Source data:
>>
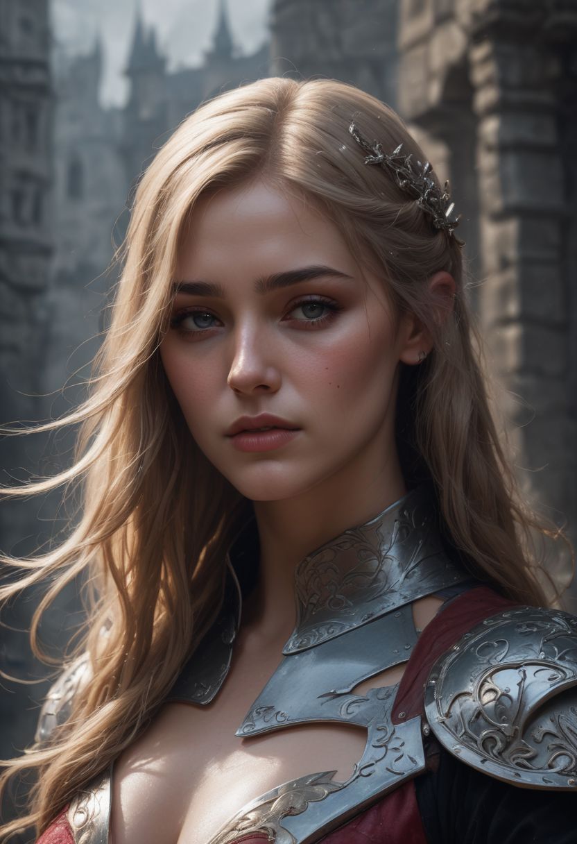 High resolution ultra-realistic of beautiful Warrior Princess, A Warrior Princess clad in a iron armor, red mini skirt, standing among the soldiers in the courtyard of a gloomy castle, head and shoulders portrait, wavy blonde hair, realistic blue eyes, perfect athletic figure, handsome vampire pale bloody face, beautiful perfect detailed pupils, wet oily shiny skin, beautiful firm Breasts, defiant and seductive, 8k resolution concept art portrait by Greg Rutkowski, Dark Ages, Artgerm, WLOP, Alphonse Mucha dynamic lighting hyperdetailed intricately detailed Splash art trending on Artstation triadic colors Unreal Engine, 5 volumetric lighting, Cinematic Lighting, intricate, smooth, sharp focus digital painting, Asymmetrical Balance, hyperdetailed painting, dynamic lighting, Image to video.
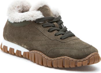 Keep your feet toasty in this luxuriously soft suede sneaker lined in fluffy genuine shearling and grounded by a grippy lugged sole.
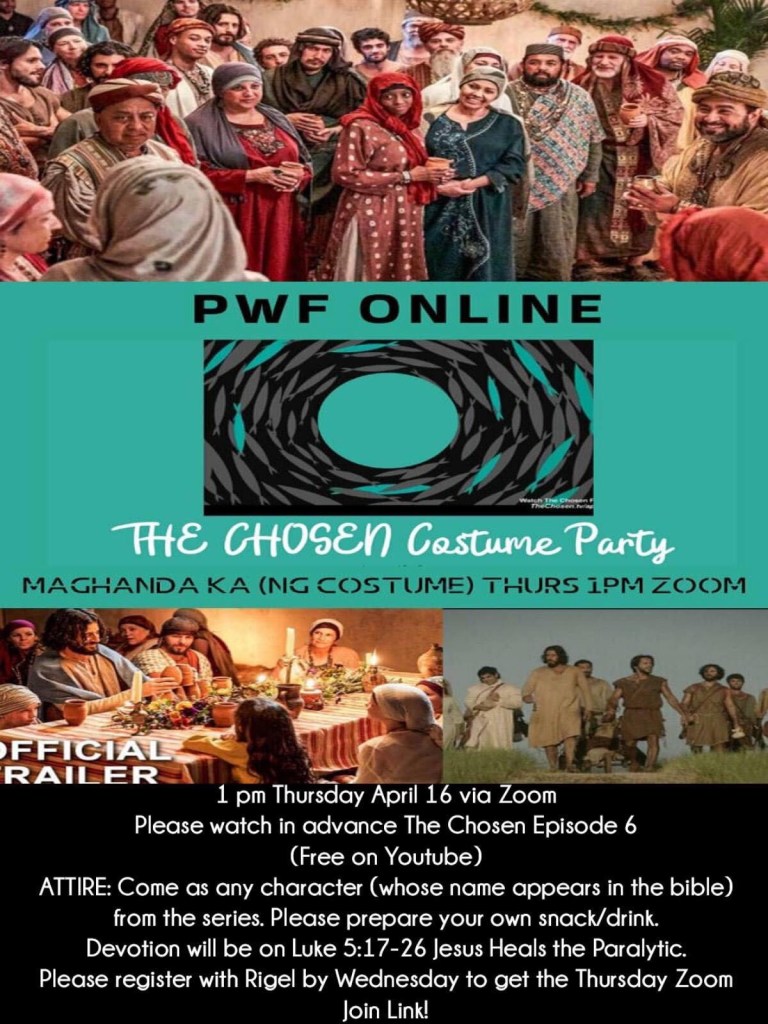 The “WIFE” in Praying W.I.F.E. Forum stands for Word-Inspired, Faith-Encouraged (credit to Roni) and we are seeking to coach women on being empowered by Scriptures in daily life. As one of the servants tasked to filter out unbibical material that may confuse or tangle us in plagues that come with adding or subtracting to the Word, I researched “The Chosen” with a click of a finger. Anyway, it’s global lockdown Coronavirus season with Enhanced Community Quarantine.
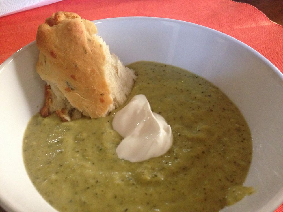 When cheese is melted, add mixture to the broccoli puree & stir well to combine.
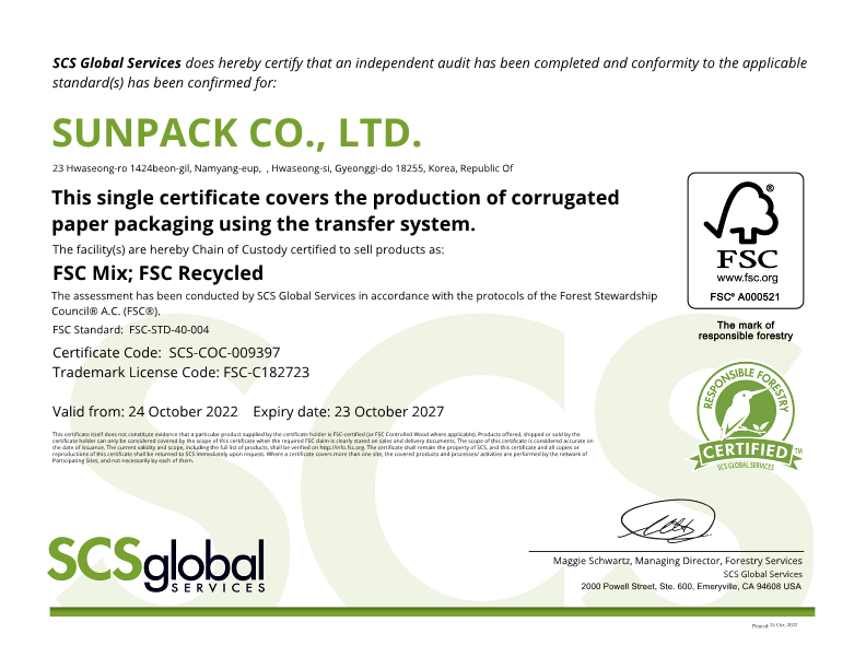 앞으로 썬팩은 끊임없는 친환경 연구 개발을 통하여 ESG확산에 앞장서도록 하겠습니다.
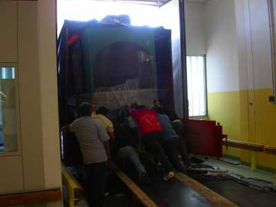 | Hier die etwas außergewöhnliche Einbringung der Maschine. In einigen Ämtern in Italien stehen die Anlagen in der ersten Etage und die Lastenaufzüge sind nicht groß genug. Da muß man eben improvisieren. | Während des Ausladens der 3t schweren Drum. | ||||||||||||||||||||||||||||||||||||||||||||||||||||||||||||||||||||||||||||||||||||||||||||||
<<
Action item: Leave out the pictures and repeat exactly the lines from the first line of the data through the line containing "Keep your feet". Add nothing else.

Exercise result:
 High resolution ultra-realistic of beautiful Warrior Princess, A Warrior Princess clad in a iron armor, red mini skirt, standing among the soldiers in the courtyard of a gloomy castle, head and shoulders portrait, wavy blonde hair, realistic blue eyes, perfect athletic figure, handsome vampire pale bloody face, beautiful perfect detailed pupils, wet oily shiny skin, beautiful firm Breasts, defiant and seductive, 8k resolution concept art portrait by Greg Rutkowski, Dark Ages, Artgerm, WLOP, Alphonse Mucha dynamic lighting hyperdetailed intricately detailed Splash art trending on Artstation triadic colors Unreal Engine, 5 volumetric lighting, Cinematic Lighting, intricate, smooth, sharp focus digital painting, Asymmetrical Balance, hyperdetailed painting, dynamic lighting, Image to video.
 Keep your feet toasty in this luxuriously soft suede sneaker lined in fluffy genuine shearling and grounded by a grippy lugged sole.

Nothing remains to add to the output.